The Threat: A threat that is not very publicized or well known is called Ad-Hoc wireless networks. This is a feature built into Windows and is available as a third party application in other operating systems. Essentially it is a way for client machines to connect to each other wirelessly so they can communicate between themselves in a peer to peer network.

Back before wireless was a ubiquitous medium for networking, client machines could network with each other peer to peer over a simple cross over cable. Now this can be done without wires and thus we have our threat.wireless network security design, wifi security, wifi service providers,

Virtual WiFi

With the introduction of Windows 7 we are presented with yet another Ad-Hoc type threat called Virtual WiFi.

This feature built into Windows 7 is a “soft AP” that allows a user to turn their laptop into an access point. Clients can connect through this virtual AP and are NAT’ed through the wireless or wired network the laptop is connected to.

The clients are given private IP addresses by the application so to any Network Access Control solution or other security application the traffic appears as though it is coming from the laptop IP rendering the solution ineffective. There are ways to control this feature in Group Policy but only from Windows Server 2008 R2.

Anyone with some creativity has the ability with a laptop to scan for other client machines offering Ad-Hoc or Virtual WiFi connectivity. Picture this if you will, a devious hacker sits outside a Hospital or Medical Clinic and scans wireless networks looking for an Ad-Hoc or Virtual WiFi connection to join. When he finds one he connects and now has communication with that client PC.

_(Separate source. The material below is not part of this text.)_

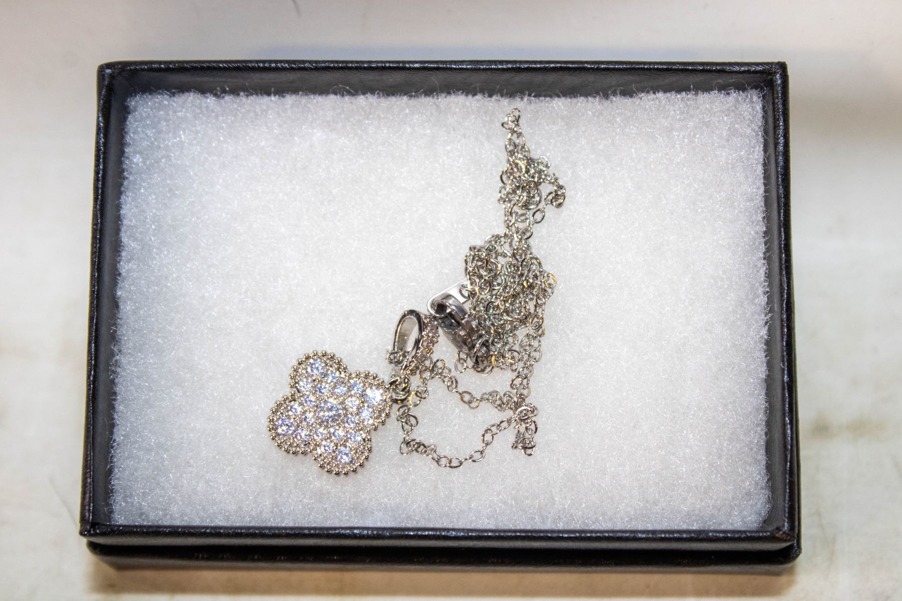 WITH PAVÉ CRYSTALS. IT IS SET ON A DELICATE SILVER-TONED CHAIN IN BOX

If that client PC offering the Ad-Hoc or Virtual WiFi connection is connected to the physical wired LAN or to a wireless access point of the Hospital or Clinic that hacker now has access to the network and no one is the wiser.

The Solution:

With the correct IDS/IPS system in place as part of your medical wireless network security you have the ability to deny Ad-Hoc networks on your network and also have the privilege of slamming the back door on potential hackers.